I’m planning growing a content library of learning materials over 2 or 3 years with pricing that increases as the library expands, like for example: $100→$200→$300→$400.
I want to reward early adopters with a “Founders” tier that locks in their pricing forever at $200, while new members pay current rates. They also have more perks.
Later on I want to introduce a “Premium“ tier that has the same perks as Founders, but pays a premium price that get’s updated every year.
In summary, all tiers would have identical content access - just different pricing based on when they joined, and different perks depending on regular vs Founder/Premium.
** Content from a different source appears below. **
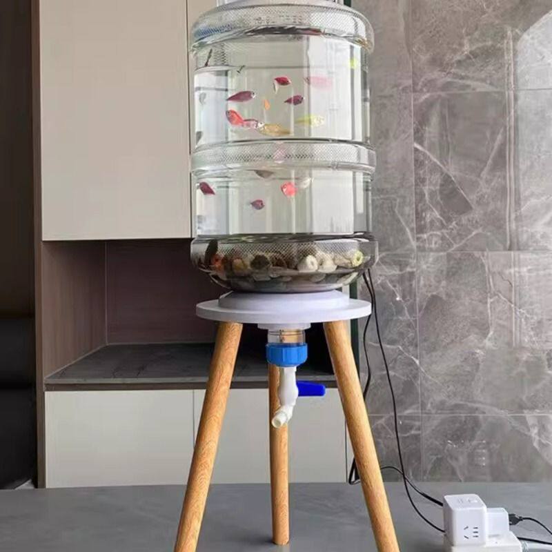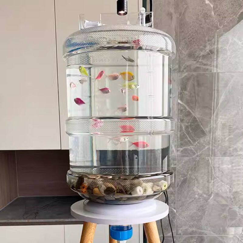 懒人养鱼带排水阀上过滤18.9升透明矿泉水桶养鱼创意支架改装鱼缸

Has anyone successfully managed multiple grandfathered pricing tiers in Ghost long-term?
I’m specifically worried about operational complexity - managing hidden tiers, support questions about price differences, and the mental overhead of “which tier?” when doing bulk operations. The marketing benefits seem strong (early adopter loyalty, urgency), but I want to understand the real ongoing costs before committing to this structure.
Any experiences or advice would be greatly appreciated!
Changing the price of a tier by default grandfathers existing members at their current price so there’s no need to create new tiers each time you change price.
You do still have the option of moving member subscriptions from an old price to a new one if you want to, that’s doable inside of your Stripe interface where you have a lot more control over pricing.
I’ll let others comment on how well things have gone for them on the business side as I can mostly only talk about things from the technical side
Changing the price of a tier by default grandfathers existing members at their current price so there’s no need to create new tiers each time you change price.
Thanks for pointing that out to me @Kevin
Just to make sure I understand what you are saying, you said that by default if I sign up today on Ghost Site X for 10/monthly price, I will still pay 10 next month even if the membership has increased price in the meantime?
That is the default behavior. You /can/ make pricing changes in Stripe, but changing the price in /ghost > settings > tiers doesn’t change the price for existing users, just new sign-ups.